Lucas Fadul
Brasília – O governo de Kiev e os separatistas do Leste da Ucrânia firmaram ontem acordo para um cessar-fogo, em mais uma tentativa de reverter a escalada da violência na ex-república soviética. A suspensão das hostilidades, em vigor desde as 15h locais, foi estabelecida após uma conversa por telefone entre o presidente ucraniano, Petro Poroshenko, e o colega russo, Vladimir Putin. “Essa é a razão pela qual acredito que é nossa responsabilidade comum fazer esse cessar-fogo durar por muito tempo”, indicou Poroshenko. A conclusão da trégua coincidiu com o encerramento da cúpula da Organização do Tratado do Atlântico Norte (Otan), em Newport, no País de Gales. Para fazer frente ao que chamou de “agressão russa à Ucrânia”, a aliança militar ocidental anunciou a criação de uma força permanente de pronta-resposta no Leste Europeu.
O secretário-geral da Otan, Anders Fogh Rasmussen, manifestou cautela e reservas em relação ao plano de Moscou para solucionar a crise ucraniana, mas disse esperar que a trégua marque o começo de um processo político rumo ao fim do conflito. “Uma coisa é declarar um cessar-fogo, mas a próxima etapa crucial é a aplicação, de boa-fé, e isso ainda precisa ser visto”, ponderou, durante entrevista coletiva no encerramento da cúpula de Newport. De acordo com Rasmussen, os milhares de soldados da nova força poderão ser posicionados em qualquer lugar mundo no intervalo de poucos dias. “Nesses tempos turbulentos, a Otan deve estar pronta a assumir todas as missões e a proteger os aliados contra ameaças”, explicou o secretário-geral. Dos 4 mil militares que devem integrar a unidade, o Reino Unido se comprometeu a ceder mil.
O presidente Barack Obama fez coro com as desconfianças Rasmussen em relação à proposta do Kremlin para pôr fim ao conflito separatista, mas também manifestou esperança de que a trégua possa arrefecer as tensões. O líder americano voltou a ameaçar Moscou com mais sanções econômicas, embora tenha acenado com a rápida suspensão das represálias, caso o cessar-fogo perdure.
Um correspondente da agência de notícias Reuters no leste da Ucrânia informou ter ouvido três explosões ao norte de Donestk – principal reduto separatista –, minutos depois de a trégua entrar em vigor.
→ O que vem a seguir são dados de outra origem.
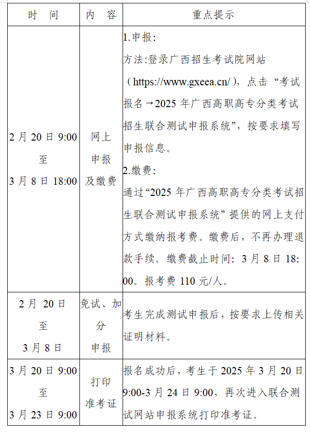 方法:登录广西招生考试院网站(https://www.gxeea.cn/),点击“考试报名→2025年广西高职高专分类考试招生联合测试申报系统”,按要求填写申报信息。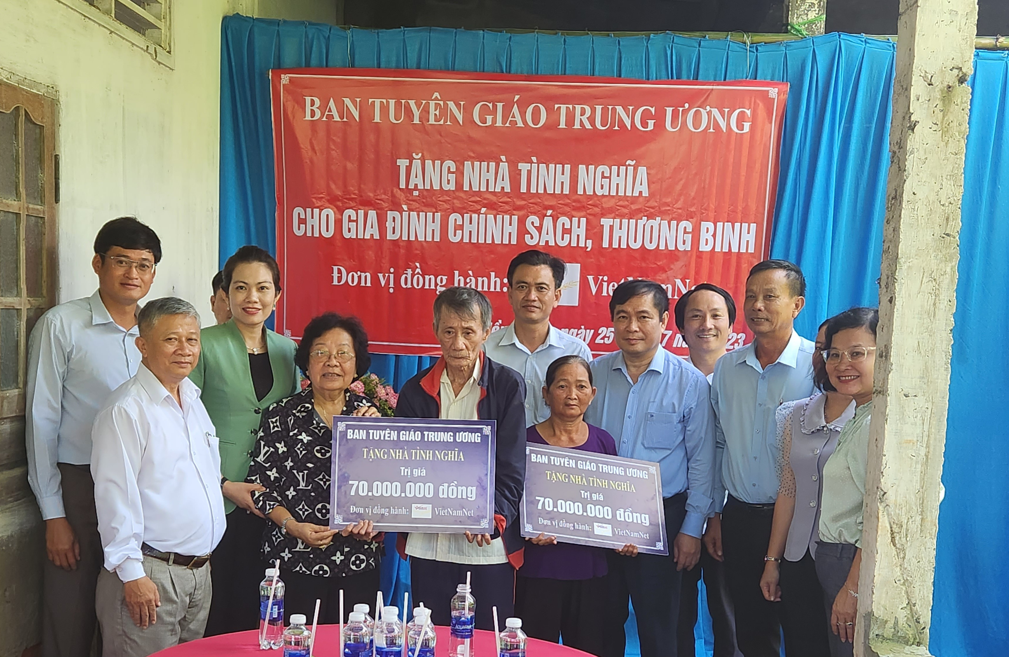 Nhân dịp này, được sự giới thiệu từ chính quyền địa phương, thông qua chương trình Ngôi nhà mơ ước do Báo VietNamNet phát động, Ban Tuyên giáo Trung ương đã trao kinh phí xây 2 căn nhà tình nghĩa cho hộ bà Nguyễn Thị Sam và ông Nguyễn Hoàng Nam. Theo đó, bà Sam (SN 1956) là con liệt sĩ, ở ấp Rạch Trắc, xã Phước Mỹ Tây, thị xã Cai Lậy. Ông Nam (SN 1943) là thương binh ở ấp Kinh Ngang, xã Tân Thành, huyện Gò Công Đông.

Nas primeiras horas do dia, os combates prosseguiam também nos acessos a Mariupol, estratégico porto sob assédio rebelde. “Nós também enviamos uma mensagem forte para a Rússia, de que as ações têm consequências. Hoje, os EUA e a Europa estão finalizando medidas para aprofundar e ampliar as sanções contra setores de energia, defesa e finanças da Rússia”, completou Obama. Putin é acusado pelos líderes ocidentais de apoiar a contra-ofensiva dos separatistas com armamento e tropas.
VITÓRIA
Em entrevista por telefone, o cientista político Heni Ozi Cukier, professor de relações internacionais da Escola Superior de Propaganda e Marketing (ESPM), disse que, até o momento, a derrota no conflito parece ficar com o governo de Kiev. “O status quo é a vitória da Rússia”, afirmou. “Há pouco tempo, os insurgentes e as forças ucranianas anunciaram um cessar-fogo de 15 dias, que não durou nada”, lembrou. “A única saída militar para a Ucrânia seria derrotar os separatistas. Kiev precisa de vitórias militares e políticas, mas não acho que isso acontecerá.”
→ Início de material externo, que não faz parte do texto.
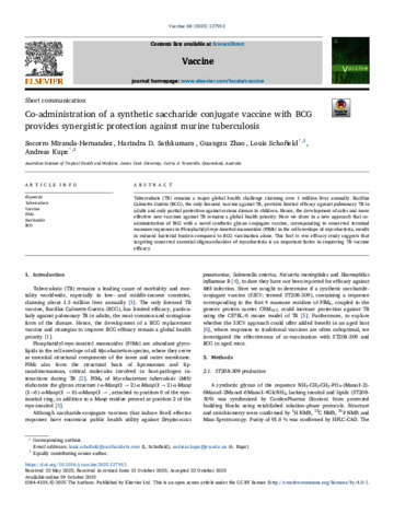 Miranda-Hernandez, Socorro, Sathkumara Mudiyanselage, Harindra, Zhao, Guangzu, Schofield, Louis, and Kupz, Andreas (2025) Co-administration of a synthetic saccharide conjugate vaccine with BCG provides synergistic protection against murine tuberculosis. Vaccine, 68. 127912.

Para Heni, mesmo que a Rússia tentasse estabelecer-se no Leste da Ucrânia pela força, não haveria intervenção externa em defesa de Kiev. “Putin pode conseguir o quer realizando a manutenção do envio de tropas. Acredito que o Ocidente não fará nada mesmo que ele invada as regiões de conflito”, analisa. “O presidente russo teria de fazer algo bem mais grave, como invadir a Ucrânia inteira ou alguma das ex-repúblicas soviéticas do Báltico (Letônia, Lituânia e Estônia, as três integrantes da Otan), para desencadear alguma resposta ocidental efetiva”. Ainda segundo o especialista, caso não consiga arrastar a Otan para o conflito, o governo de Kiev terá de fazer concessões e conformar-se com a perda de território.